Monika Kruse, Produzentin, Labelbetreiberin und eine der ersten international erfolgreichen Techno-DJs Deutschlands, umschrieb es kürzlich so: Zu viele DJs würden wegen ihres Social-Media-Contents erfolgreich sein, nicht wegen ihrer Musik. Aber damit meint sie natürlich nicht nur Bossi. Sondern eine ganze Reihe von jüngeren Acts, die verstanden haben, dass man sich auch im Internet verkauft, spätestens seit sich die neue Generation Feiernder während der Pandemie Musik, Tanzen und Party aus dem Netz holte. Da war Stella Bossi ganz vorn mit dabei. Genauso wie bei der Fetisch-Mode, den härter gewordenen Beats oder den 90er-Hits, die sie als Edits veröffentlicht.

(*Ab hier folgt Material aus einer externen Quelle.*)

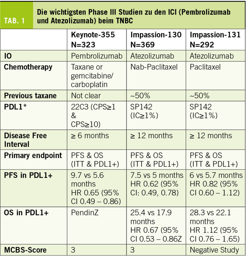 Zwischenzeitlich kommen die ICI auch zunehmend zum Einsatz in der neoadjuvanten Therapie des TNBC und stehen auch in der Schweiz kurz vor der Zulassung, wobei die Resultate der Studien z.T. unterschiedlich sind.
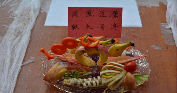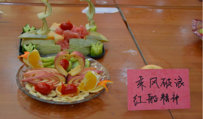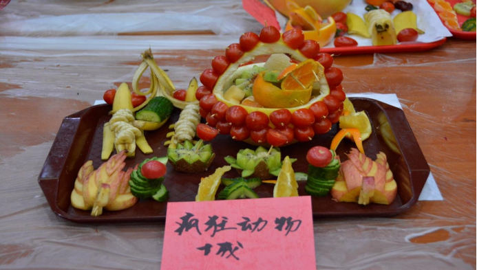主持人介绍了比赛规则后,王书记宣布比赛开始。所有参赛队伍迅速进入状态,配合默契,队员们聚精会神的拿起小刀雕刻起了水果,宛如一位位艺术家在雕刻着自己的作品。
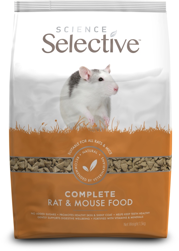 Supreme Science® Selective Rat je velice chutné, nutričně kompletní a vyvážené krmivo pro potkany v každém věku. Toto špičkové extrudované krmivo s identickými kousky zajišťuje, že si váš potkan nebude vybírat z krmiva své oblíbené kousky tak, jako to může dělat u nehomogenních krmných směsí. Zde máte jistotu, že potkan z krmiva získá všechno, co může krmivo poskytnout pro jeho zdraví a pohodu.
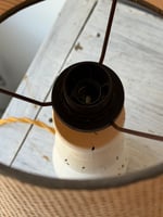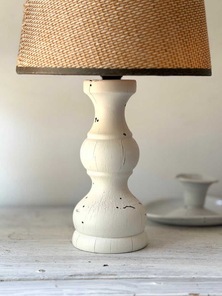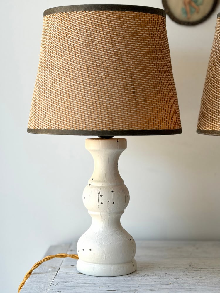 Deux lampes à poser en bois tourné blanc, chacune avec son abat-jour en fibres naturelles.
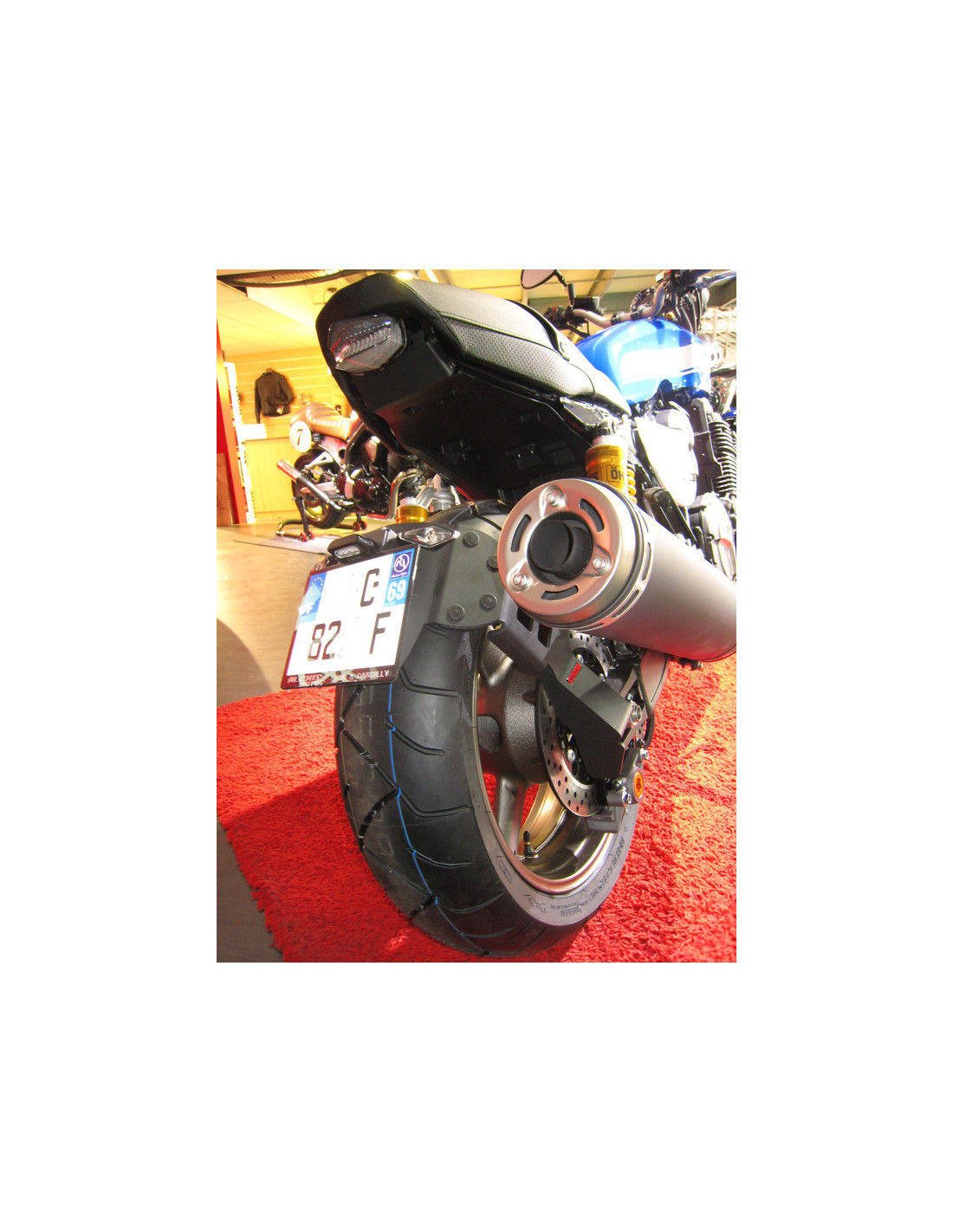 Le support de plaque déporté « ras de roue » Access Design est un accessoire de personnalisation incontournable. Que ce soit pour donner un aspect futuriste, ou renforcer l’aspect Vintage de votre moto, il ne fait aucun doute qu’il rendra votre machine unique ! Support cintré pour un alignement parfait avec le pneu arrièreDesign « ras de roue » uniqueFixation renforcée pour limiter les vibrationsEnsemble du support recouvert de peinture époxy noir mate pour un aspect agressifLivré avec éclairage de plaque LED homologué, connectiques et notice de montageDéveloppé et fabriqué en France Caractéristiques techniques : Fixation en acier 5mm sur l’axe de roue arrièreBras de support de plaque cintré en aluminium 5mmSupport de plaque en aluminium 3mmOrifices pour fixation plaque d’immatriculation, clignotants et éclairage de plaque
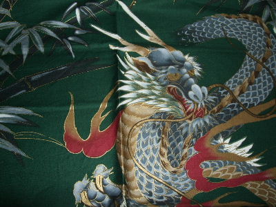 I グリーン地 大柄 龍(綿)
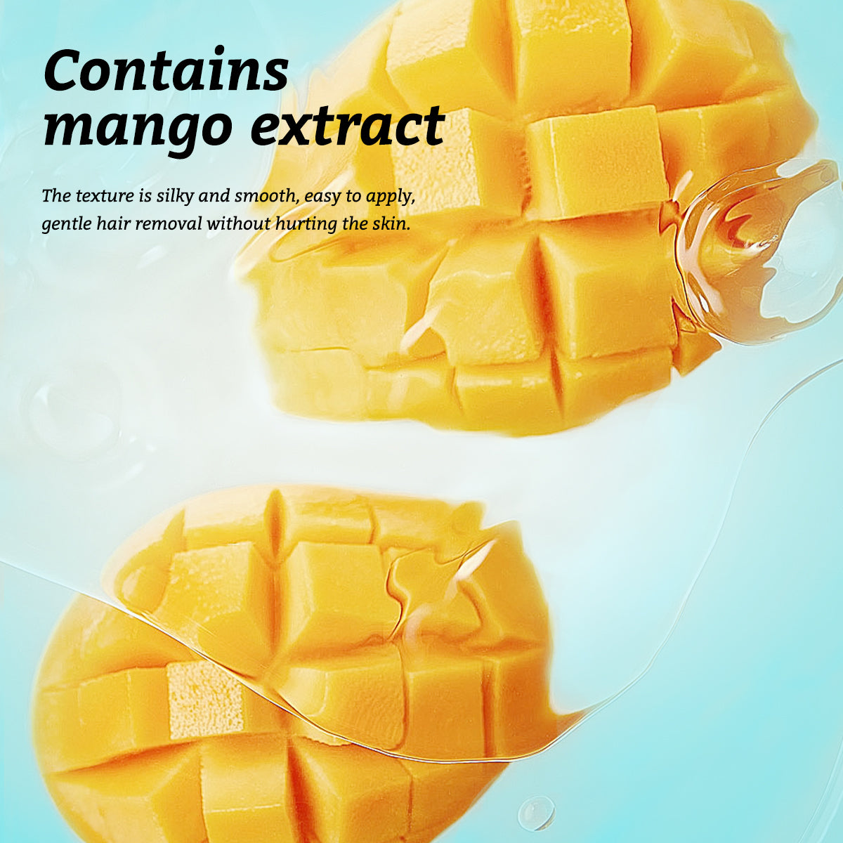 Mango Extract: Enriched with precious mango essence, it nourishes the skin and provides moisturizing and soothing effects, reducing irritation during the hair removal process and maintaining skin softness and smoothness.
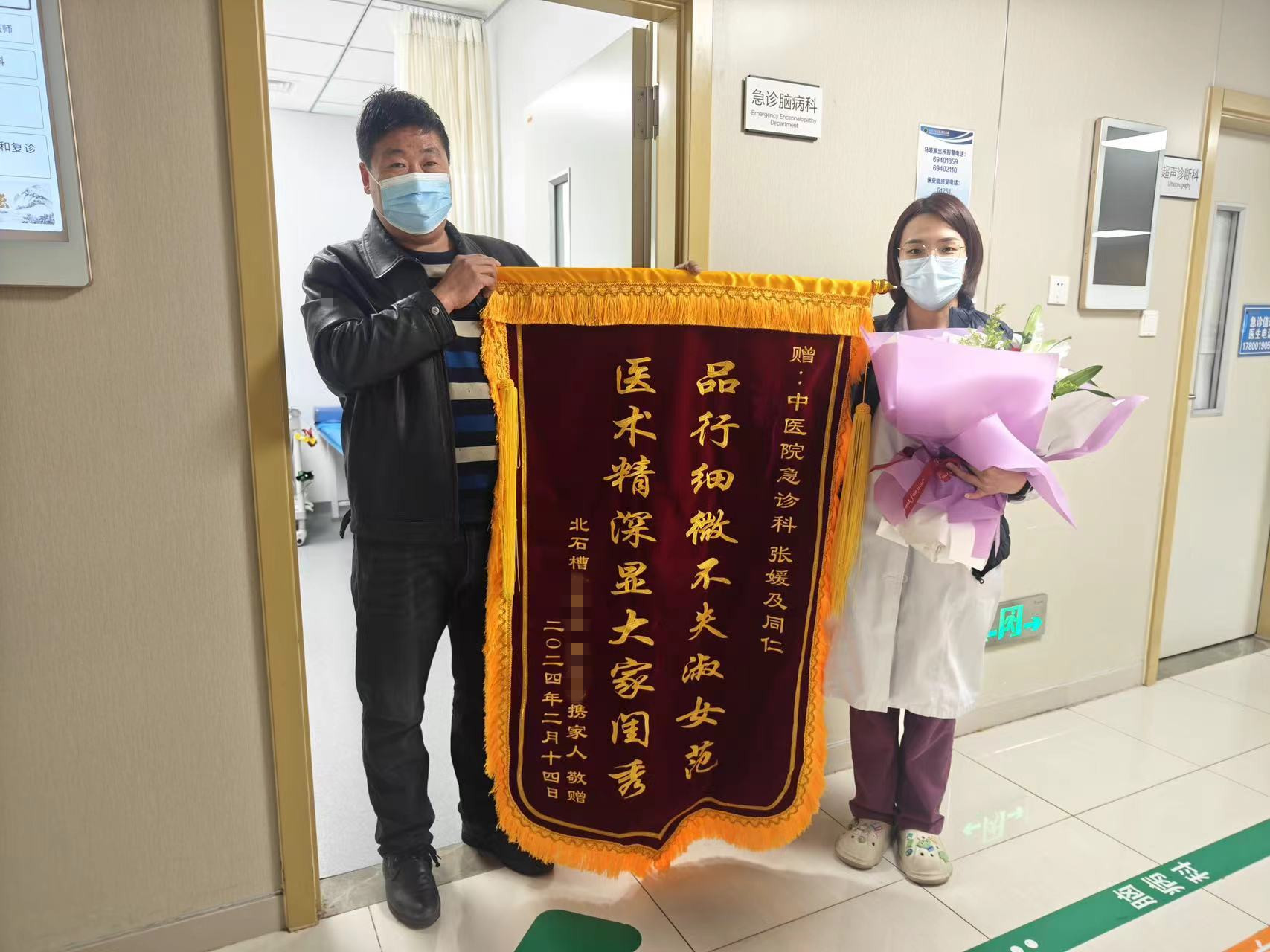 2024年2月,张媛医师正在急诊脑病科值班之时收到了患者韩奶奶家属送来的一面锦旗,上书“品行细微不失淑女范,艺术精深显大家闺秀”是对张媛医师最真实的描述和最真挚的认可。

„Jeder, der eine gewisse Reichweite hat, ist auch Influencer, und egal in welchem Genre man arbeitet, soziale Medien können dein Business befeuern. Muss man eben für sich nutzen. Aber ja, Segen und Fluch, diese Social Media.“ Die Welt sei kompliziert, sie versuche, ihr Leben zu leben und gute Laune zu verbreiten – online wie offline. „Ich habe eben nicht diese eine Schublade für mein Tun.“

Machtspiel im Hintergrund

Und dann gab es noch diesen kleinen Skandal. Stella Bossi habe einen DJ, der vor ihr spielte, respektlos von der Bühne geworfen, heißt es auf TikTok. Der Hass wächst. Bossi entschuldigt sich. Doch vielleicht hat sie sich auch einfach nur nicht kleingemacht? Wer mal auf einer Bühne aufgelegt hat, weiß, zu welchen Machtdemonstrationen es bei den Übergängen der Acts kommt.

Es wirkt, als würde Bossi Strukturen in der Szene aufbrechen. Bewusst? „Ich nehme mich nicht zu ernst und passe mich ungern an. Zwei Dinge, die so nicht im ‚großen Buch des Techno‘ stehen“, sagt sie. Und hat sie damit Erfolg? „Mittlerweile trauen sich mehr und mehr Techno-DJs auch so richtig zu tanzen“, sagt sie und grinst. Und mit ihr grinst der Zeitgeist.